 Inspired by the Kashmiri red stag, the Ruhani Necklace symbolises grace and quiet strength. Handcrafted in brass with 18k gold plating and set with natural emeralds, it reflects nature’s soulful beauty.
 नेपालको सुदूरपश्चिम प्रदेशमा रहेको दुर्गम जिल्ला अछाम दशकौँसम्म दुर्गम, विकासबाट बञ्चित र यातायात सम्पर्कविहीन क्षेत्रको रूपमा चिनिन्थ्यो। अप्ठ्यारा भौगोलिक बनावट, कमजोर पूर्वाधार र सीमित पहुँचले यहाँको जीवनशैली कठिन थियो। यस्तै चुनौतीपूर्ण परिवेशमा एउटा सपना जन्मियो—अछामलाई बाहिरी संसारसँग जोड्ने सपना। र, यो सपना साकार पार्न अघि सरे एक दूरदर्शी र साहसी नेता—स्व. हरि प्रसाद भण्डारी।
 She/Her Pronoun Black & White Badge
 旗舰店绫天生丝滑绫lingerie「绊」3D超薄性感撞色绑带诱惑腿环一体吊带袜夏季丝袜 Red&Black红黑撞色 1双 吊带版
++++++++++++++++++++
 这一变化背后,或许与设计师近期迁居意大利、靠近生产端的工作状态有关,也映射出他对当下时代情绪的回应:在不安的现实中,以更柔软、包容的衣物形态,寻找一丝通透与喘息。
++++++++++++++++++++
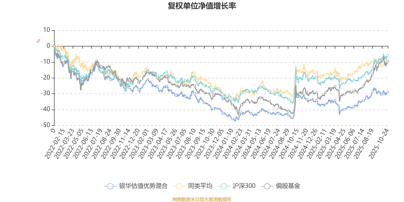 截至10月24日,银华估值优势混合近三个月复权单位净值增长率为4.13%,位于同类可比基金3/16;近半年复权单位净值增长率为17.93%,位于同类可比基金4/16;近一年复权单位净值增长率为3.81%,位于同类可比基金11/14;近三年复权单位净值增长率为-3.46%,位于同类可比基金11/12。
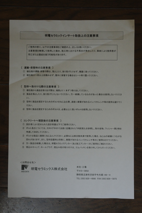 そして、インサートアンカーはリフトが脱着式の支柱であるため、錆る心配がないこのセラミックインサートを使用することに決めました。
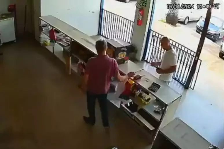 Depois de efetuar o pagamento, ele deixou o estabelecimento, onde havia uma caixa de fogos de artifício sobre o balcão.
++++++++++++++++++++
**EXERCISE GOAL**
Take exactly the lines from the one containing "Inspired by the" through the one containing "旗舰店绫天生丝滑绫lingerie「绊」3D超薄性感撞色绑带诱惑腿环一体吊带袜夏季丝袜 Red&Black红黑撞色 1双" in the data above, and output them with nothing added.

**PROBLEM SOLUTION**
 Inspired by the Kashmiri red stag, the Ruhani Necklace symbolises grace and quiet strength. Handcrafted in brass with 18k gold plating and set with natural emeralds, it reflects nature’s soulful beauty.
 नेपालको सुदूरपश्चिम प्रदेशमा रहेको दुर्गम जिल्ला अछाम दशकौँसम्म दुर्गम, विकासबाट बञ्चित र यातायात सम्पर्कविहीन क्षेत्रको रूपमा चिनिन्थ्यो। अप्ठ्यारा भौगोलिक बनावट, कमजोर पूर्वाधार र सीमित पहुँचले यहाँको जीवनशैली कठिन थियो। यस्तै चुनौतीपूर्ण परिवेशमा एउटा सपना जन्मियो—अछामलाई बाहिरी संसारसँग जोड्ने सपना। र, यो सपना साकार पार्न अघि सरे एक दूरदर्शी र साहसी नेता—स्व. हरि प्रसाद भण्डारी।
 She/Her Pronoun Black & White Badge
 旗舰店绫天生丝滑绫lingerie「绊」3D超薄性感撞色绑带诱惑腿环一体吊带袜夏季丝袜 Red&Black红黑撞色 1双 吊带版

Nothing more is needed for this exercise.